= PROMPT =
Copy each line below word for word and drop every image.

= DATA SEGMENT =
--*--

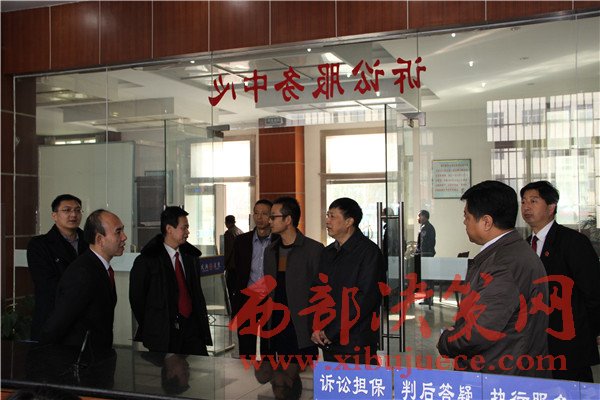 西部決策網(wǎng)訊(帥華鋒 杜杰 通訊員 王宏軍)近日,寶雞市市委政法委綜治辦調(diào)研員李曉科一行,來鳳翔法院檢查參與平安建設(shè)及社會(huì)治安綜合治理工作。縣委常委、政法委書記張軍良,縣法院代院長趙宏偉陪同檢查。
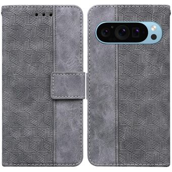 Για το Google Pixel 9 Pro 5G Γεωμετρική ανάγλυφη δερμάτινη θήκη τηλεφώνου (γκρι)
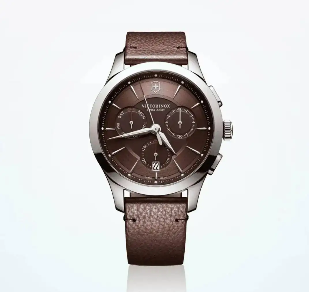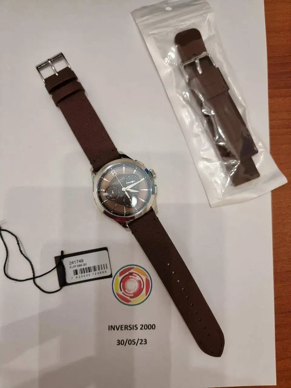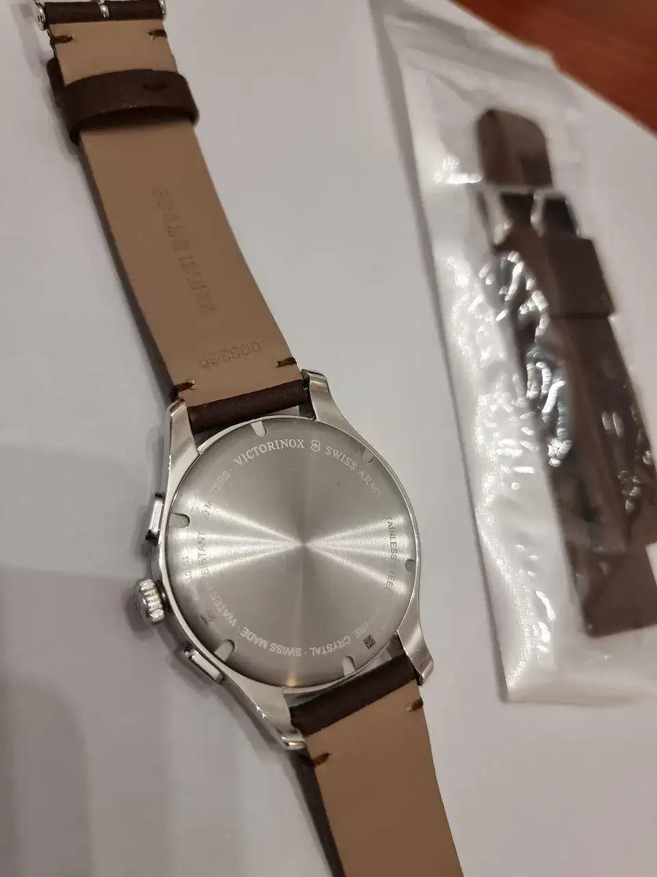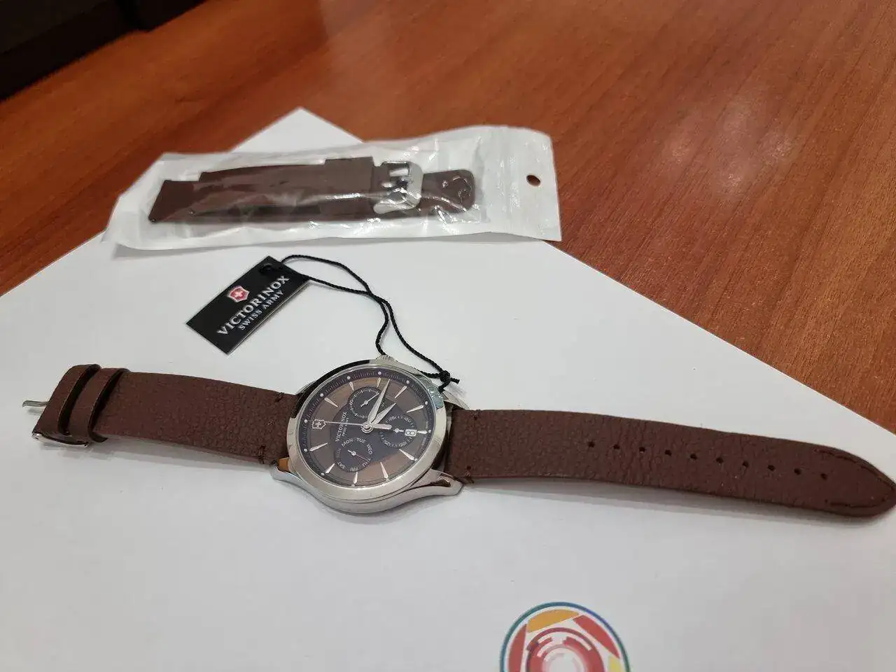 Buenas tardes compañeros. Por la presente tengo el gusto de mostraros y poner a la venta una bonita pieza de mi colección particular en estado de auténtico re-estreno. Se trata de un Victorinox Alliance Crono, en color marrón, reloj muy cómodo y fácil de llevar con una calidad impresionante de esta firma suiza especializada en navajas y en las últimas décades también en muy nbuenos relojes. El reloj tiene la dotación completa de caja de presentación, documentación oficial y un segundo brazalete de caucho a juego con el reloj (el brazalete de piel que traia el reloj no ha sido utilizado) y cuyas principales caracteristicas a continuación os describo:

--*--

= ANSWER AREA =
 西部決策網(wǎng)訊(帥華鋒 杜杰 通訊員 王宏軍)近日,寶雞市市委政法委綜治辦調(diào)研員李曉科一行,來鳳翔法院檢查參與平安建設(shè)及社會(huì)治安綜合治理工作。縣委常委、政法委書記張軍良,縣法院代院長趙宏偉陪同檢查。
 Για το Google Pixel 9 Pro 5G Γεωμετρική ανάγλυφη δερμάτινη θήκη τηλεφώνου (γκρι)
 Buenas tardes compañeros. Por la presente tengo el gusto de mostraros y poner a la venta una bonita pieza de mi colección particular en estado de auténtico re-estreno. Se trata de un Victorinox Alliance Crono, en color marrón, reloj muy cómodo y fácil de llevar con una calidad impresionante de esta firma suiza especializada en navajas y en las últimas décades también en muy nbuenos relojes. El reloj tiene la dotación completa de caja de presentación, documentación oficial y un segundo brazalete de caucho a juego con el reloj (el brazalete de piel que traia el reloj no ha sido utilizado) y cuyas principales caracteristicas a continuación os describo:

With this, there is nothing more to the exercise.